The government’s budget calculus is a powerful backdrop to the policy turn. PAGCOR has been recognized by the Department of Finance for remitting PHP12.7 billion in dividends to the treasury in 2024, ranking third among government-owned or controlled corporations. The recognition, reported in Philippine government honors PAGCOR for PHP12.7 billion contribution to treasury, strengthens the regulator’s argument that a well-policed market can fund public priorities without new taxes. It also gives PAGCOR political cover as it pushes operators to absorb compliance costs and as it separates its regulatory and operating functions to reduce conflicts of interest.

These fiscal flows are not a blank check. They invite scrutiny over whether earnings are sustainable under tougher rules and whether revenue growth can align with measurable reductions in social harm. But the dividend record helps explain why senior economic officials prefer calibration over prohibition. It also frames the stakes in ongoing congressional debates: rules that are too lax risk social pushback; rules that are too strict risk revenue leakage to illegal channels.
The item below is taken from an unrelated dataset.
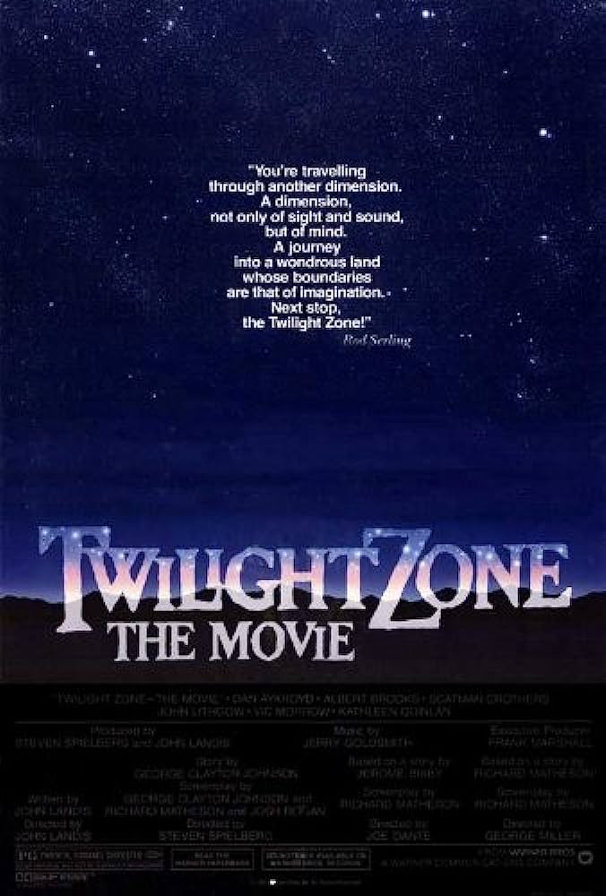 Twilight Zone: The Movie is an anthology film featuring several stories based on episodes from the original series which ran from 1959-1964 on CBS. The four separate stories were directed by John Landis, Steven Spielberg, Joe Dante and George Miller. Quite a murderer’s row of directors, for sure.

Chasing the illicit market

The crackdown on illegal operators is emerging as both a consumer protection imperative and a reputational battle for licensed firms. PAGCOR has warned the public about scams that impersonate the regulator and peddle fake licenses, pointing to a site that forged official-looking documents and signatures. The alert, detailed in PAGCOR issues nationwide warning over scam website, shows how fraudulent actors exploit brand confusion to recruit rogue operators and defraud applicants. The episode underscores the regulator’s two-front campaign: tighten compliance for legitimate players while coordinating with law enforcement and tech agencies to dismantle illegal networks.
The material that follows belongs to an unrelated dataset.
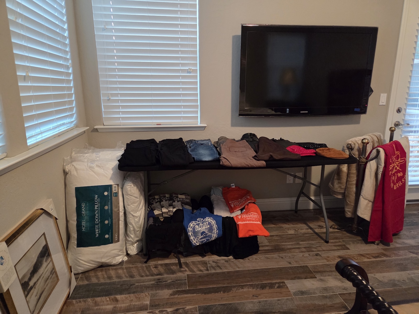 Many, many cleaning supplies, household goods, and useful items to pick through in the garage. There's a roll-away futon, a GIANT Christmas tree, and dozens of books celebrating the rich history of Armenia.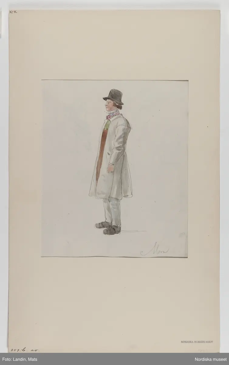Akvarellerad handteckning. Mansdräkt från Mora, Dalarna. Svag blyertsanteckning i nedre högra hörnet: "1857". Mannen bär en hatt, den blå/röd/vita alsdutjen (halsduken), grön väst, en lång waittråjö (långrock), samt långbyxor och skor.

For licensed operators, the compliance burden is also a competitive lever. Clear separation from the gray market can justify market access, advertising privileges and partnerships that are closed to unlicensed rivals. But the longer rulemaking drags, the more room illegal sites have to poach customers with looser onboarding and aggressive promotions. That dynamic explains PAGCOR’s emphasis on speed: reforms must land fast enough to shape behavior before bad actors entrench.
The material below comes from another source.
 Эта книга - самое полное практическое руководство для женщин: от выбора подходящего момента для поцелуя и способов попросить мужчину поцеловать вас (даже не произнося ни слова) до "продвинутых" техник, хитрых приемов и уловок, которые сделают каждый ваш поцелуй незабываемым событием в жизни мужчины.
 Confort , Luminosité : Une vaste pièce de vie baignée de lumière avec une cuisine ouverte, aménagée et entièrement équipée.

What the next few months could decide

Policy timing is pivotal. Lawmakers are weighing bills that could either codify stricter controls or move toward prohibition. The finance chief’s resistance to a ban and PAGCOR’s push for tougher, clearer rules suggest an eventual compromise that hardens safeguards while preserving a regulated market. The near-term metrics to watch are operator compliance with wallet decoupling, trends in gross gaming revenue as the rule beds in, the scale of self-exclusion and advertising enforcement, and visible actions against illicit operators.

If enforcement and consumer protections keep pace, the regulator can argue that a safer, more transparent ecosystem is taking hold even as revenues normalize. If not, political momentum could swing toward harsher measures. The industry’s response—investing in compliance systems, partnering on responsible gaming and differentiating from the black market—will help determine which way the debate breaks.